During the 2016 presidential election, Facebook allegedly served as an outlet for fake news that potentially influenced the election results. Initially, Mark Zuckerberg refuted this assessment; however, he quickly realized it was his responsibility to accept blame for the spread of fake news via Facebook, as it is his company and he is the leader. Zuckerberg took ownership of the issue. He quickly enacted policies to set the direction to drive accurate news sharing on Facebook and has set into motion a collaborative effort with local media outlets.
I’m certain Mark Zuckerberg could have easily pointed fingers within his team and deflected blame to a very senior level Facebook employee. But he didn’t, and that’s how leaders behave.
What does this do? It demonstrates that leadership is not going to throw the team under the bus at the first sign of resistance or difficulty.

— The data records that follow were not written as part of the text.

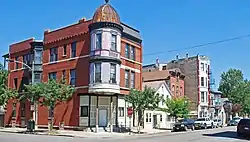 The Pilsen Historic District is a historic district located in the Pilsen neighborhood of Chicago. Pilsen is a neighborhood made up of the residential sections of the Lower West Side community area of Chicago. It is recognized as one of the few neighborhoods in Chicago that still has buildings that survived the Great Chicago Fire of 1871.[2] Pilsen was formally founded in 1878 making the neighborhood a factor in the political and economic change planned in Chicago.[2] In the late 19th century Pilsen was inhabited by Czech immigrants who named the district after Pilsen, the fourth largest city in Czechia. The population also included in smaller numbers other ethnic groups from the Austro-Hungarian Empire including Slovaks, Slovenes, Croats and Austrians, as well as immigrants of Polish and Lithuanian heritage. In 1934 majority of Poles, Croatians, Lithuanians, and Italians sustained Pilsen, making it an ethnic working-class neighborhood.[2]
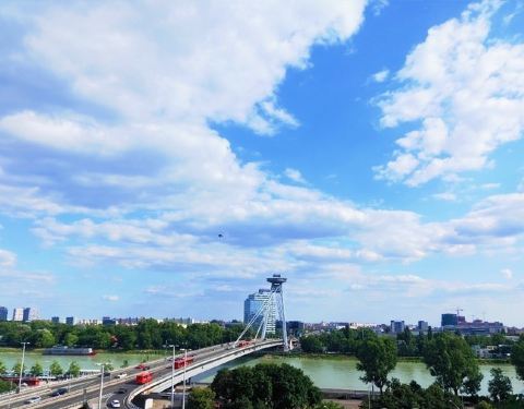 这个所谓的UFO观景台是位于布拉迪斯拉发新大桥上的一座观景塔,这座大桥横跨多瑙河,桥梁本身谈不上是一座宏伟的建筑,但外形算是比较有特色。
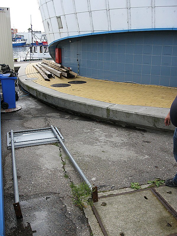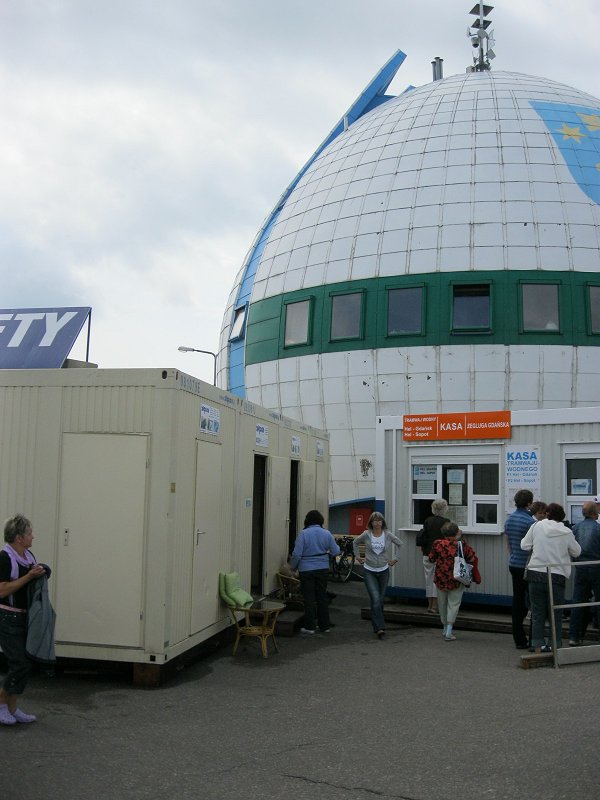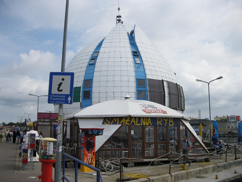 Teraz "zaplecze" w "jaju" przestało istnieć. Dostęp od strony przystani jest zablokowany smażalnią. Czy to Unia daje pieniądze na budowę zaplecza socjalnego, aby ktoś robił sobie na nich biznes dyskotekowy? A można było za te pieniądze postawić schludne i ekonomicznie uzasadnione baraczki, jak ma to miejsce w portach szwedzkich, a za resztę pieniędzy przygotować lepiej nabrzeża, wystawić y-bomy, podciągnąć wodę na całość przystani, zmienić koszmarne gumowe "odbojnice" i brudzące opony na coś estetycznego i dopasowanego do postoju jachtów.

This gives your team the confidence they need to continue pursuing their goals relentlessly and the motivation they need to work harder to achieve them. It looks a lot like this:
Which brings us to the fifth and final truism:
5. Deflect credit.
Seems unfair, especially if we’re going to accept blame, right? But too often, management receives credit for the hard work and success of their team. Good leaders deflect this credit and point out the contributions and achievements of their team members who enabled the success of the whole.
In 2016, Jeff Bezos, founder of Amazon, said he was considering writing a memoir some day for this reason:
One of the reasons I might do it is because there are so many people throughout our history who deserve more credit than they've gotten. And I could make sure that I dished out that credit.
A good leader is constantly looking for ways to reward their team for hard work and results. Giving credit publicly and among the team is a fantastic way to continually show appreciation for your team’s efforts.
At the end of the day, though, execution comes down to making a call you believe is best for your team. There simply isn't one playbook. Not only that, but every team is different. My experience as a team leader for a Marine Reconnaissance Team was much different than leading a team of IT consultants at a firm out west—the skills, objectives, personalities, culture, required learning and team composition were much different. Consider your mission, what your team needs to do and how you can all get there together. Then execute, taking cues from other leaders along the way!